20. Bölüm
Anayasa hukukundan çıkarken kafam dün gece olduğundan çok daha karmaşıktı. Dün bir şeyler olmuştu; daha öncesinde tanışmadığım bir duyguyla çarpışıp afallamıştım. Hislerim de karman çormandı. Mutlu muydum? Mutsuz? Korkmuş? Yoksa daha mı cesur hissediyordum?
Sanki Harun deneysel çalışan bir aşçıydı ve tüm duygularımı jülyen kesip tavada kavuruyordu! Belki de hislerimin tarifi tam da buydu, bilemiyordum.
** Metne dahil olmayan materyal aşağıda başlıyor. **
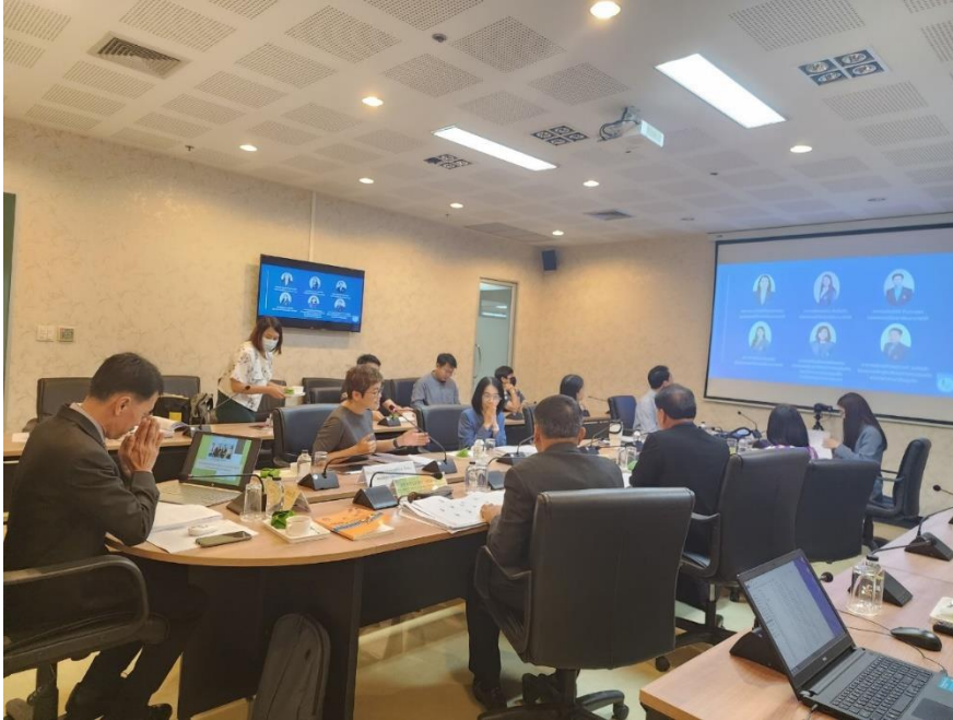
คณบดีกล่าวต้อนรับและนำเสนอผลการดำเนินงานแก่คณะกรรมการประเมินคุณภาพการศึกษาภายใน ระดับวิทยาลัย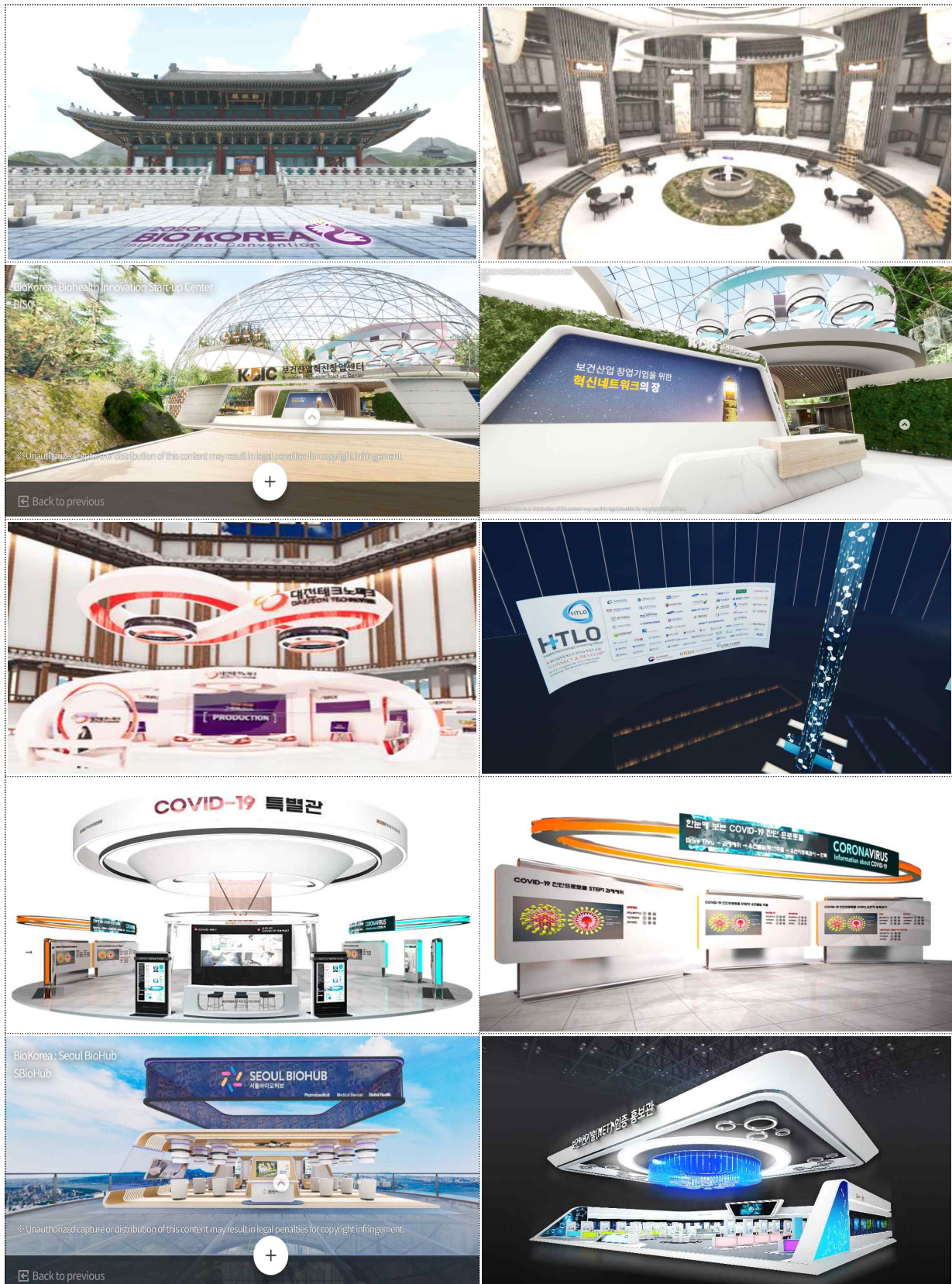
▲ 가상전시 공간 및 부스 예시

Dağınık saçlarım hadsizce sırayı süpürürken hocanın söylediği her şeyi kaydettiğim ancak bir yudum anlamadığım defterimi toplamaya başladım. Eylül'e yandan bir bakış attım. Ders boyunca defterime 'Seninle konuşmam gerek!' yazıp durmuştu. Ve tabi bir de bir sürü ünlem işareti koymuştu. Damağımı emip çantamın fermuarını çektim. Eylül konuşmak için can attığından yıldırım hızıyla eşyalarını topluyordu. Herkes amfiden çıkınca Eylül çığlık atıp kahkahayla yerine oturdu. Sarı saçlarını hızla arkaya atıp mümkün olmasıyla beni şaşırtan geniş gülümsemesine baktım. Tanrı'm... Yüzünün üçte ikisini gülümseyen açık ağzı oluşturuyordu.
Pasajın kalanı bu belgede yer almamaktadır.